- _What you should do_: Beginning with the line that holds "いつまでも美しくいていただくための理美容室" and finishing with the line that holds "Други сабор СНСД-а | 2003. година", repeat the listing exactly, leaving every picture out.

── Input data ──

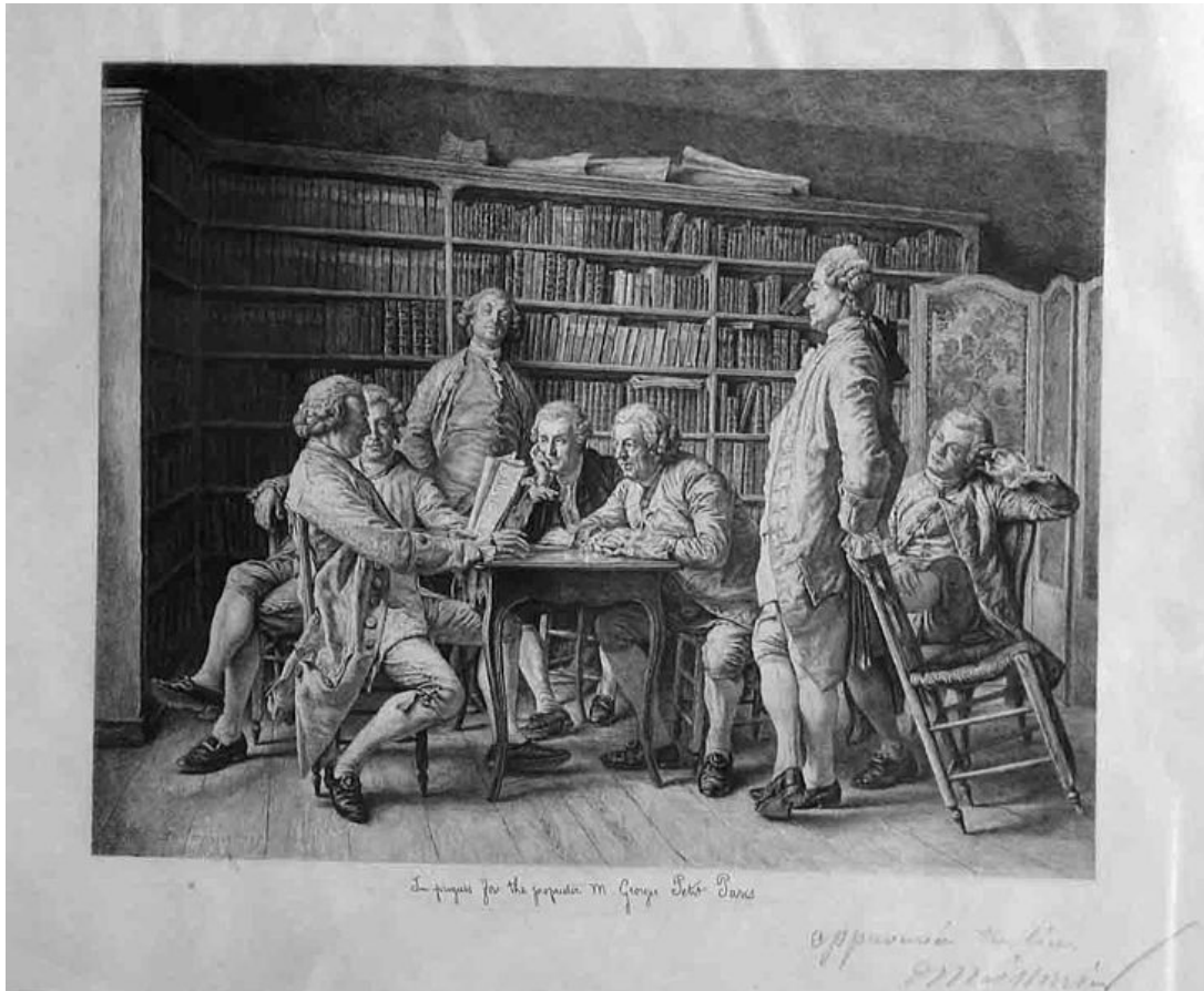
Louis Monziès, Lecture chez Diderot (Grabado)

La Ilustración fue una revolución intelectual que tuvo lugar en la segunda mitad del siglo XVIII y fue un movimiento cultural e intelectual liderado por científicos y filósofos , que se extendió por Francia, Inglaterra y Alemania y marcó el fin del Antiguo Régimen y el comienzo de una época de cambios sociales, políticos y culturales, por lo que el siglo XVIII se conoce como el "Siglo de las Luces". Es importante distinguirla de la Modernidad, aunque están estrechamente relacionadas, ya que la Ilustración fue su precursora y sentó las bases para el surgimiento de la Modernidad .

───
── Input data ──

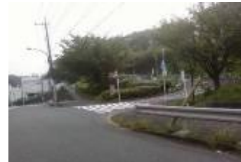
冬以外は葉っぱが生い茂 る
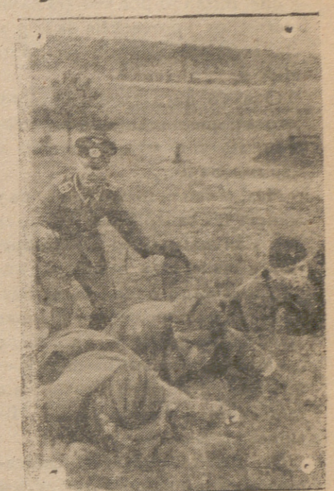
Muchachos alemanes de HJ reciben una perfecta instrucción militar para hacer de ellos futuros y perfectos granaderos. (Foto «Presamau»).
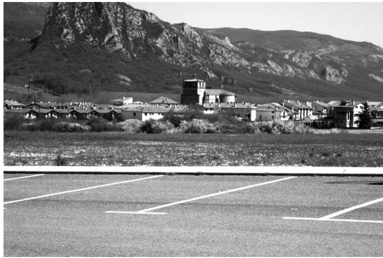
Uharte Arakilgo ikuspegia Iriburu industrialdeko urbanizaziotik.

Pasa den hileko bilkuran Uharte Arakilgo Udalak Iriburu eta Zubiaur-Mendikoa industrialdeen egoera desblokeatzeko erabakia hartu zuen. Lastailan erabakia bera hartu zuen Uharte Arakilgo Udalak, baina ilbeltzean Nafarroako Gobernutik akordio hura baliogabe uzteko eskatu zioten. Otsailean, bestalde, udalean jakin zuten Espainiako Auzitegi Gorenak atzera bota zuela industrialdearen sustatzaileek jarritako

───
── Input data ──

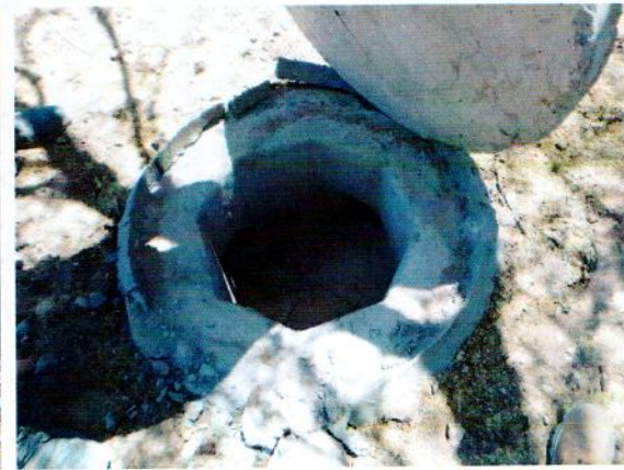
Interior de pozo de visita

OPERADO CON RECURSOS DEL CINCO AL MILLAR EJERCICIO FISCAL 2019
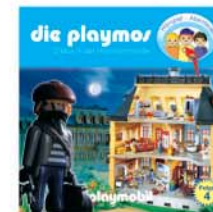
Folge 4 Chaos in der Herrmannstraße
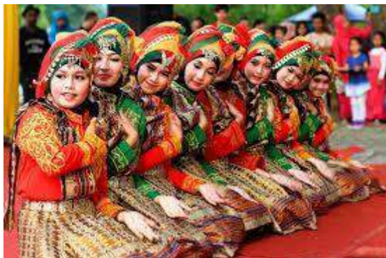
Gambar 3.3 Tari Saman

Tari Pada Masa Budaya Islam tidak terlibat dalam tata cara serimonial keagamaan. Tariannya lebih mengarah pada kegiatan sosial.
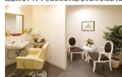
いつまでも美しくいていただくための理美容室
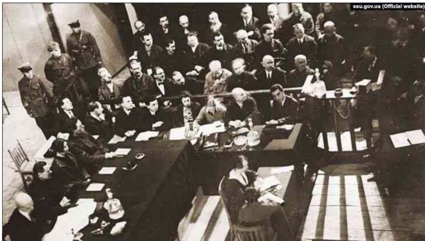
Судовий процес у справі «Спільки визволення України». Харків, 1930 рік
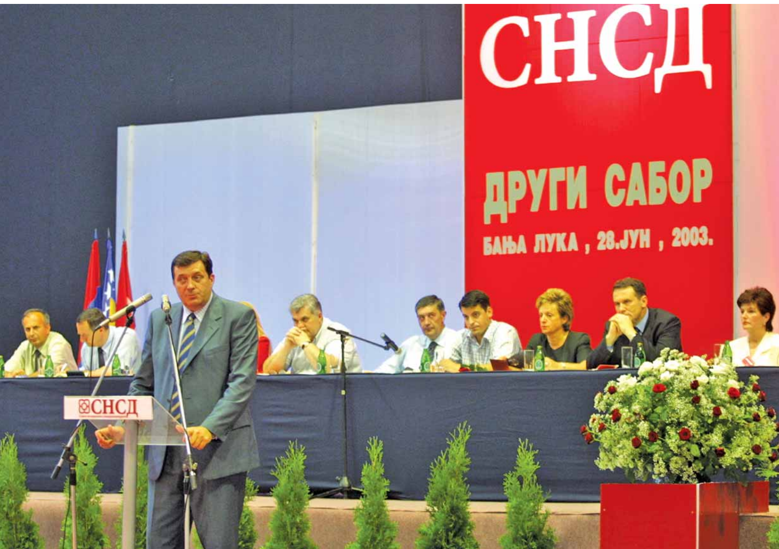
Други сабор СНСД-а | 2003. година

───

- _Solved problem_:
いつまでも美しくいていただくための理美容室
Судовий процес у справі «Спільки визволення України». Харків, 1930 рік
Други сабор СНСД-а | 2003. година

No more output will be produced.